Cerebras has just terminated 6 new KI data centers that process 40m tokens per second – and it could be bad news for Nvidia

Cerebras has just terminated 6 new KI data centers that process 40m tokens per second – and it could be bad news for Nvidia

Take part in our daily and weekly newsletters to get the latest updates and exclusive content for reporting on industry -leading AI. Learn more


Cerebras systemsA KI hardware startup that was constantly challenging Nvidia’s dominance On Tuesday, the market for artificial intelligence announced a significant expansion of the footprint of the data center and two important corporate partnerships, which the company position as the leading provider of high-speed AI inferiority services.
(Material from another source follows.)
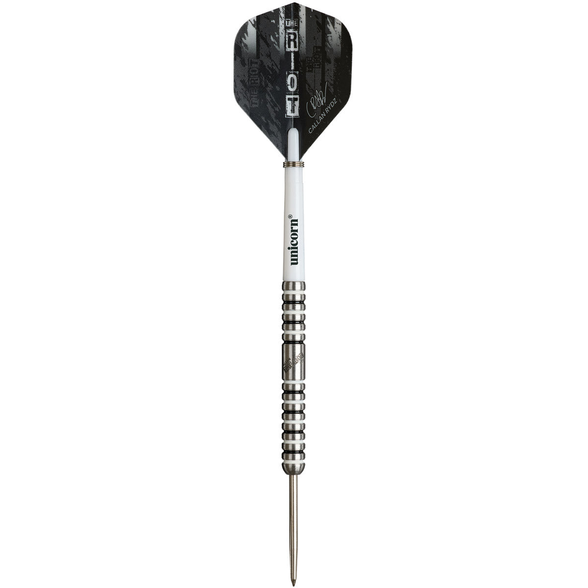 The Callan Rydz Phase 2 darts are 90% Tungsten barrels, finished with his iconic 'The Riot' logo and black and white stripes - a nod to his hometown of Newcastle. The barrels are complimented by the Gripper 4 White shafts, Callan's new Ultrafly flight and Unicorn's patented Volute points which provide incredible grip in the board, without leaving any damage!

The company will add six new AI calculus centers in North America and Europe and increase its inference capacity of twenty subject to over 40 million token per second. The expansion includes facilities in Dallas, Minneapolis, Oklahoma City, Montreal, New York and France, with 85% of the total capacity in the USA.

“This year it is our goal, the demand and the new demand that we expect to really satisfy new models such as Lama 4 and New Deekseek models,” said James Wang, director of product marketing at Cerebras, in an interview with Venturebeat. “This is our enormous growth initiative this year to satisfy the almost unlimited demand that we see for inference token across the board.”

The expansion of the data center is the ambitious bet of the company that the market for high-speed ACI inference is processed in which trained AI models for applications in the real world are generated dramatically when companies are looking for faster alternatives to GPU-based solutions from NVIDIA.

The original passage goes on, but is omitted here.